Questa storia era nata parecchi mesi fa per partecipare un contest sulla friendzone (*fa pat-pat sulla spalla a Gale), ma come tre quarti circa delle cose che inizio, non mi sono mai decisa a concluderla. Questa settimana, però, è saltata fuori una still Everthorne bellissima che mi ha fatto battere forte il cuoricino e mi è venuta voglia di provare a rimetterci sopra le mani. Nel contest bisognava inserire una o più citazioni della saga, ecco uno dei motivi per cui nell’ultima parte è presente quella ricostruzione dell’epilogo di Mockingjay.

L’idea mi è venuta principalmente perché sono secoli che sogno di far pasticciare qualcosa nel cielo da Gale sul suo aereo e rimuginando sulle scie bianche lasciate al passaggio di un aereo, mi sono venute in mente le rette parallele.

Per quanto riguarda le ultime due scene della storia, Rowan e Haley sono i nomi che ho scelto per i figli di Katniss e Peeta. Joel, invece, è un OC, il figlioletto che Gale ha avuto con una donna di nome Sapheen, conosciuta all’Accademia di Aeronautica Militare che ha frequentato nel D2 (lei era uno dei suoi superiori). Nel mio head-canon, quando Joel compie otto anni circa, Gale torna per la prima volta nel Distretto 12 per mantenere una promessa fatta a suo padre (e a Katniss) da ragazzo, e qui si riconcilia con Katniss. Decide infine di trasferirsi nuovamente assieme a Joel e a Johanna Mason (con cui ha una relazione) nel D12. Ma questa è un’altra storia. E niente, sto già soffrendo al pensiero di come mi si accartoccerà il cuoricino quando uscirà Mockingjay parte due. Mando un abbraccio virtuale a tutti i poveri sostenitori del nostro cacciatore/soldato preferito (e magari anche un abbraccio doppio alle fan del Fannie, che usciranno dal cinema provate come me!)

 

Laura

 

 



[1] Nelle mie storie, specialmente in Checkmate, Rory è un grandissimo appassionato di scacchi.
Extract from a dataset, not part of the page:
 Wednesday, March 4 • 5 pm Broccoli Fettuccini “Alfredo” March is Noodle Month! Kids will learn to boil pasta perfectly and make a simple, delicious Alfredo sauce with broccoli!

La passione gli è stata trasmessa dal Babbo, Joel. Gli piacciono anche per via del suo nome, che significa letteralmente “Re Rosso”.

[2] "La struttura alare del calabrone, in relazione al suo peso, non è adatta al volo, ma lui non lo sa e vola lo stesso." (Albert Einstein)
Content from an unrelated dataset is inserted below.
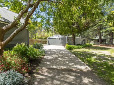 All of this is set in a beautiful garden setting with meandering pathways, lawn areas and established trees offering privacy and peace in your own country retreat. A veggie patch and chicken coop add to the charm and at the rear of the property is a small pine forest.

[3] Ovviamente qui Katniss si riferisce alle mitiche Frecce Tricolore italiane. È davvero difficile che ne abbia sentito parlare, ma mi piaceva un sacco l’idea di chiamare anche gli aerei di Panem “Frecce”, visti i trascorsi!

[4] Nel mio head-canon, Gale si trasferisce nel Distretto 2 per frequentare un’Accademia di Aeronautica militare. Diventa prima pilota militare e, in seguito, pilota di linea.

[5] Nelle mie storie il 4 è il numero portafortuna della famiglia Hawthorne, una tradizione che i quattro hanno ereditato dal padre Joel. A conferma di questa tradizione c’è il fatto che gli Hawthorne abbiano avuto quattro figli, tutti da nomi con quattro lettere.

[6] Tutta questa parte è una rivisitazione dell’epilogo del “Canto della Rivolta”. La versione originale è la medesima: Giocano nel Prato. “La bimba con i capelli scuri e gli occhi azzurri sta ballando. Il maschietto con i riccioli biondi e gli occhi grigi si sforza di starle dietro sulle gambe paffute che muovono i primi passi. Mi ci sono voluti cinque, dieci, quindici anni per dire di sì. Ma Peeta li desiderava tanto. La prima volta che l’ho sentita muoversi dentro di me, sono stata letteralmente divorata da un terrore che pareva antico quanto la vita stessa. Solo la gioia di tenerla tra le braccia è riuscita a domarlo. Aspettare lui è stato un po’ più facile. Non molto, però. Le domande stanno appena iniziando.”